2008]. In medical settings, unintentional administration of very high single doses of ketamine has been inadvertently reported in children without side effects, which were up to 100 times higher than recommended [Green et al. 1999]. However, dissociative drug poisoning could potentially lead to risky and careless behaviours, and the highest risk of mortality was accidental death while intoxicated (Jansen, 2000; Stewart, 2001], i.e. motor vehicle accidents [Cheng et al., 2005]. It`s no secret that most people like to seek thrills. More than 34% of adults in the UK have used illegal drugs at some point in their lives. The Psychoactive Substances Act does not replace this Act. As a result, this means that everything that was previously illegal is still illegal, and drugs that are considered “legal highs” are now also illegal. Ketamine was first used in medical practice as an alternative anesthetic for PCP. Although both have a safe cardiovascular and respiratory profile, ketamine has been shown to have a shorter half-life with fewer psychotomimetic effects, making it a preferred option [Domino et al.

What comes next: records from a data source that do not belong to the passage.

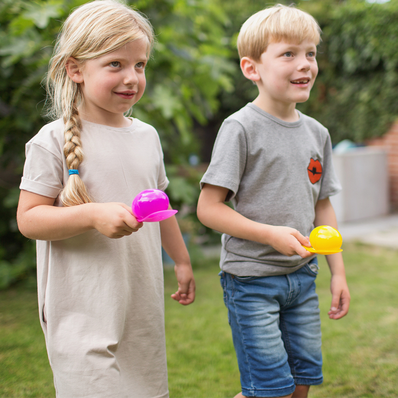 Σετ παιχνίδια από την εταιρία Bs Toys ιδανικά για να γίνουν ακόμα πιο διασκεδαστικά τα παιδικά πάρτι! Στο σετ περιλαμβάνονται 4 πολύχρωμα ανθεκτικά τσουβάλια με χερούλια για τσουβαλομαχίες, 4 πολύχρωμα πλαστικά κουτάλια, 4 πολύχρωμα αυγά, 4 πολύχρωμα σακουλάκια για ρίψεις (τα οποία μπορούν να μπουν και μέσα στα αυγά), 4 πλαστικοί πάσσαλοι για σημάδια, πλαστικά ποτηράκια αλλά και σημαία έναρξης/τερματισμού. Με αυτό το σετ παιχνιδιών, τα παιδικά πάρτι πλέον θα γίνονται ακόμη πιο διασκεδαστικά. Ιδανικά για παιχνίδια τσουβαλομαχίες, αυγομαχίες, κουταλοδρομίες και πολλά άλλα.
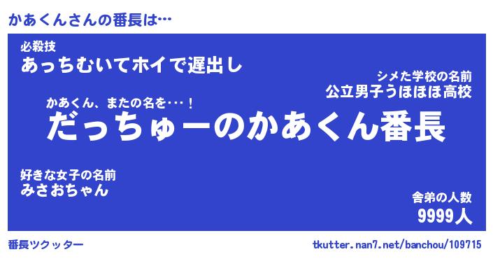 | 意味不明あだ名 | 『ペロリンかあくん』『永久保存かあくん』 |
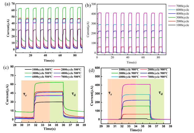 图5. 在 (a) 500℃ 和 (b) 900℃ 退火处理后样品的多周期时间依赖性光响应特性;在 10V 偏压下,(c) 500℃ 和 (d) 900℃ 退火处理后不同周期光响应曲线的部分放大图。
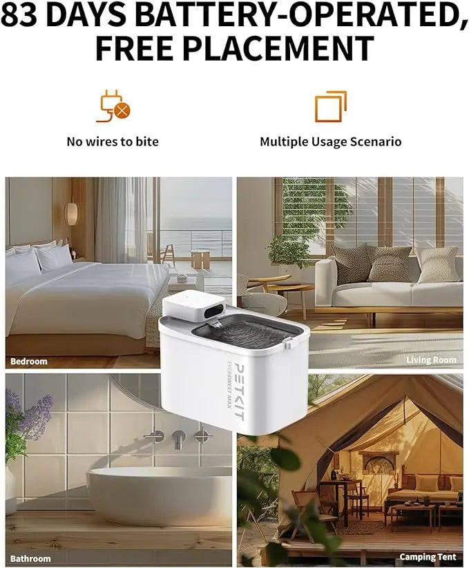 Cordless Cat Water Fountain, 105 Fl Oz/3L Pet Water Fountain Automatic Cat Water Dispenser
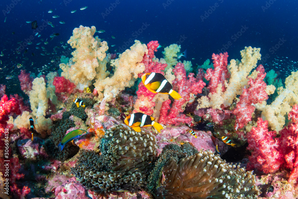 Banded Clownfish on a colorful tropical coral reef (Richelieu Rock)
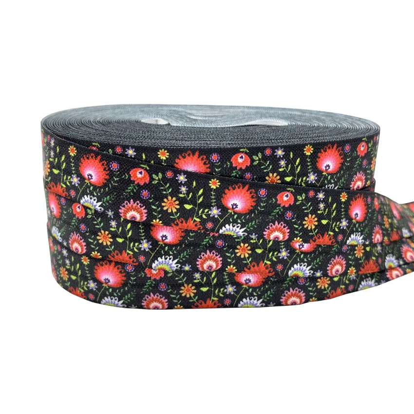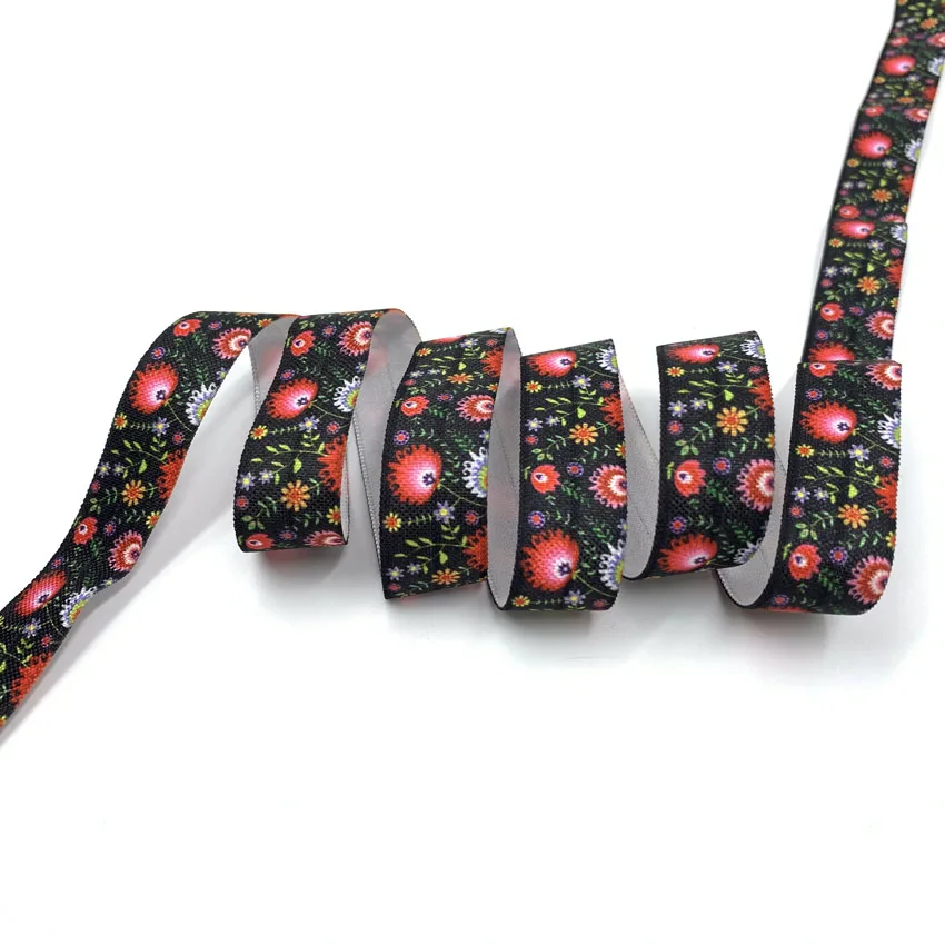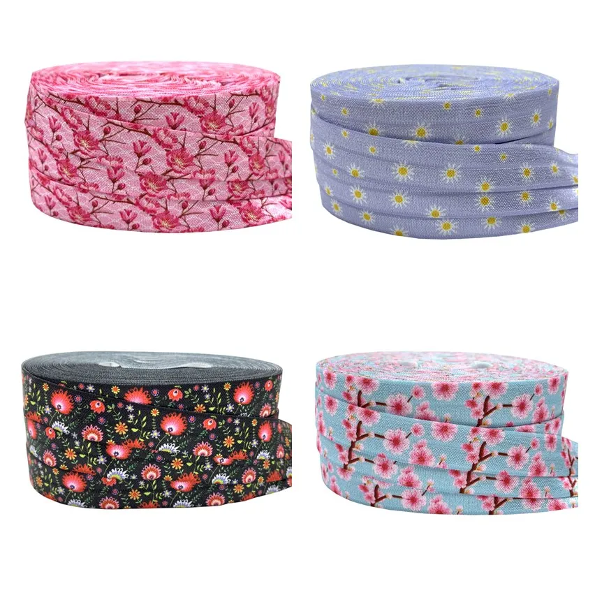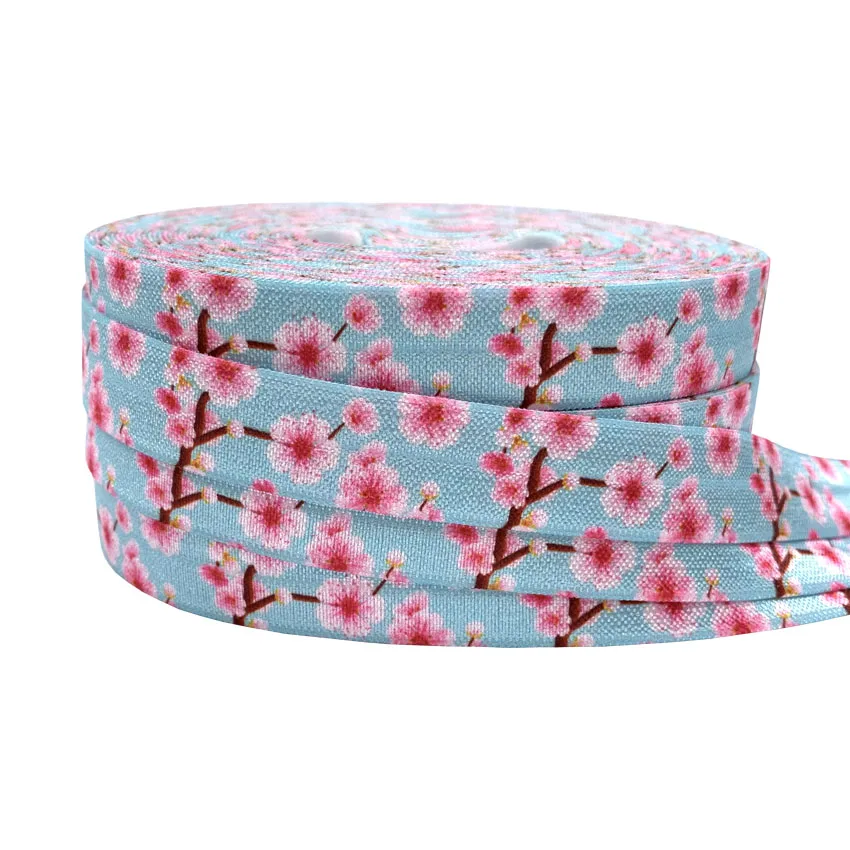 10 ярдов 15 мм цветок сливы Маргаритка солнце цветочный принт Эластичные Свадебные ленты Швейные украшения Аксессуары
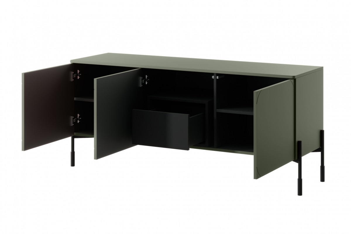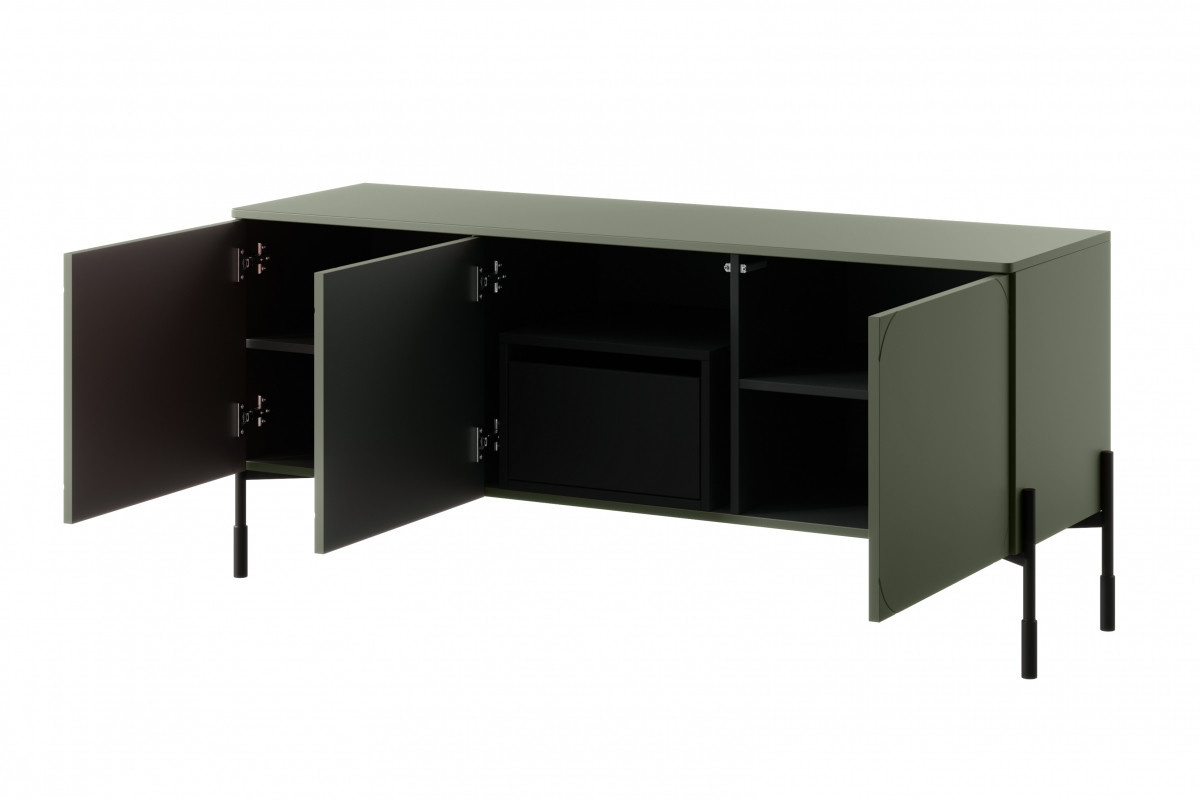 RTV skříňka třídveřová se skrytou zásuvkou Sonatia 150 cm - olivová, Šířka: 154, Výška: 65, Hloubka: 45, Výška nožek: 20, Montáž:
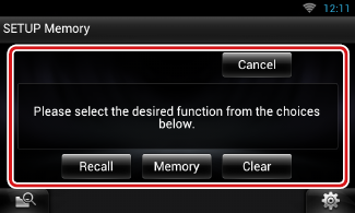 Die Einstellungen für Audiosteuerung, AV-IN-SETUP, Kamera und Audio-SETUP können gespeichert werden. Die gespeicherten Einstellungen können jederzeit wieder aufgerufen werden. Selbst wenn die Einstellungen beispielsweise aufgrund eines Austauschs der Batterie gelöscht wurden, können die Einstellungen wieder hergestellt werden.
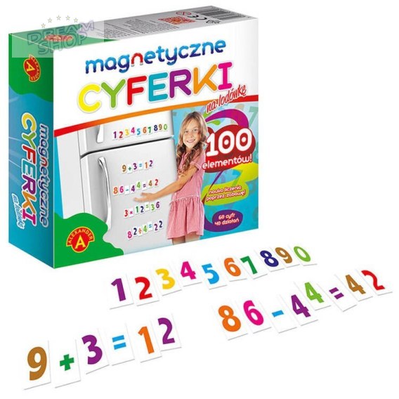 Magnetyczne kolorowe cyferki na lodówkę, pralkę, okap lub na każdą inną metalową powierzchnię. W komplecie znajduje się aż 100 elementów, z których można układać dowolne działania. Z pomocą cyfr i znaków znajdujących się w zestawie nauka podstawowych działań matematycznych stanie się przyjemną zabawą dla dziecka.
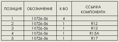Чтобы можно было связать текст позиций со значениями справочных компонентов, в чертеже должна иметься спецификация со столбцом ССЫЛКА КОМПОНЕНТА.
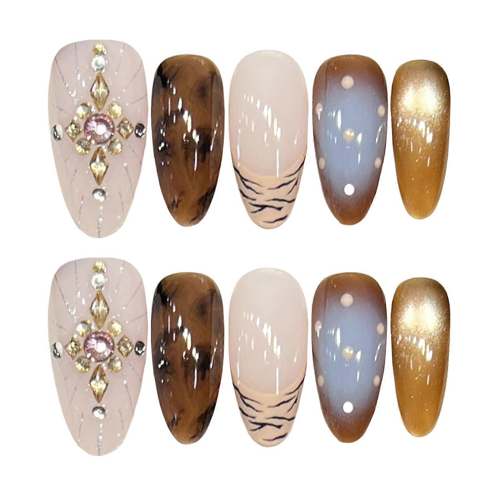10Pcs Fake Nails Caramel Cookie Medium Oval Leopard Print Brown French Press on
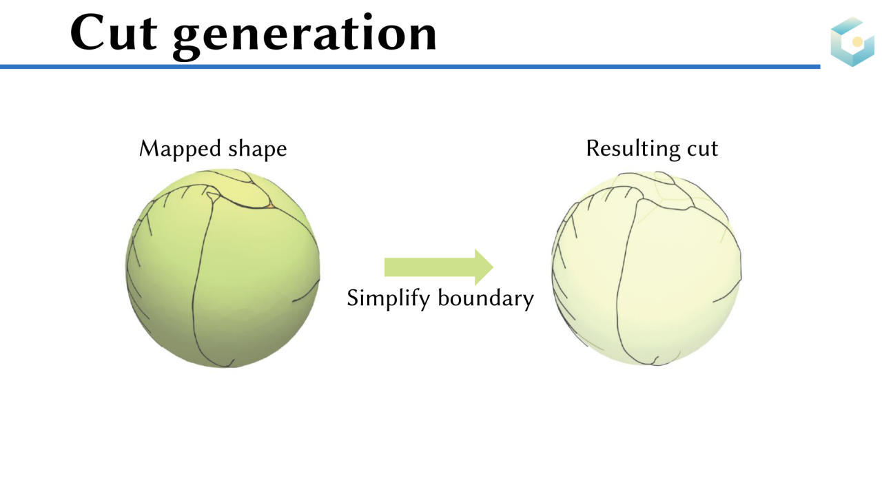最后对球面映射上的边界进行简化就得到了所需的割缝。
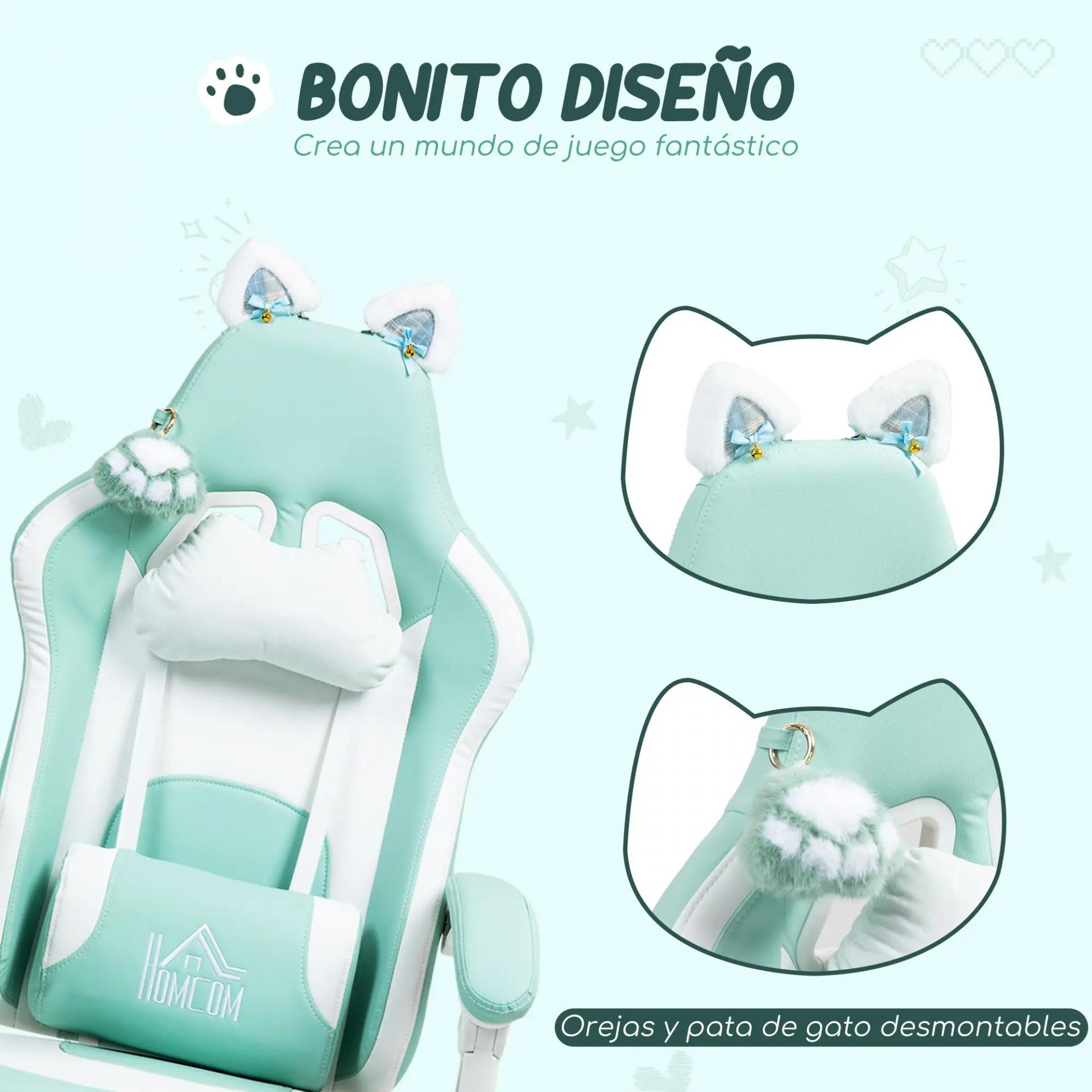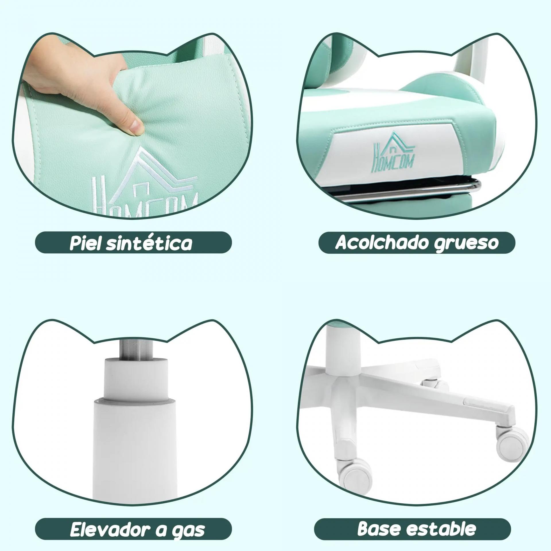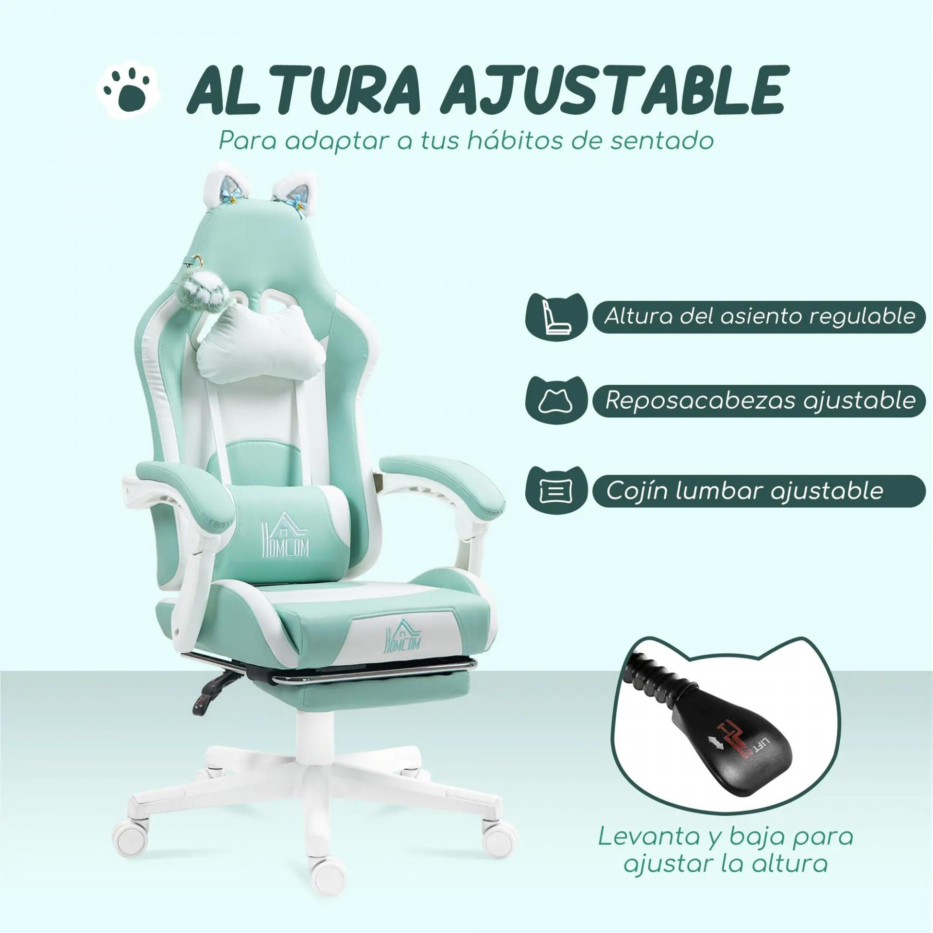 Silla Gamer Reclinable con Altura Ajustable Reposapiés Retráctil Soporte Lumbar y Reposacabezas Desmontable Verde Menta

1965]. Regardless, its strong dissociative effect on postoperative patients was a cause for concern and it was soon removed from traditional human anesthesia, although it retains niche roles as a pediatric anesthetic and in veterinary practice (where it earned the pejorative nickname “horse sedative”). Ketamine and PCP are arylcyclohexylamines with an aryl group attached to a cyclohexane ring and basic amine function. The first amine of this class, 1-(1-phenylcyclohexyl)amine (PCA), was reported in 1907 [Kursanov, 1907], although specimens of the PCP and ketamine classes were first marketed by Parke Davis 50 and 60 years later, respectively. PCP became a Class A drug in the United Kingdom and a Schedule II drug in the United States in the late 1970s; Ketamine, which was thought to have a lower potential for abuse, was widely used until the late 1990s, when it was classified as a Schedule III drug in the United States. In the UK, ketamine was first classified as Class C in 2005, although it was recently replaced by a Class B controlled drug in June 2014. Other historical analogues of first-generation arylcyclohexylamine include 1-[1-(thiophen-2-yl)cyclohexyl]piperidine (TCP, tenocyclidine), 1-(1-phenylcyclohexyl)pyrrolidine (PCPy, rolicyclidine), N-ethyl-1-phenylcyclohexylamine (PCE, eticyclidine). These were first synthesized by Parke Davis [Levy et al. 1960; Kalir et al., 1969] and were subsequently controlled by the Misuse of Drugs Act in the United Kingdom in 1984, shortly after PCP, as Class A drugs and were never widely available.
The main effects of almost all psychoactive drugs, including the so-called legal highs, can be described using the following four main categories.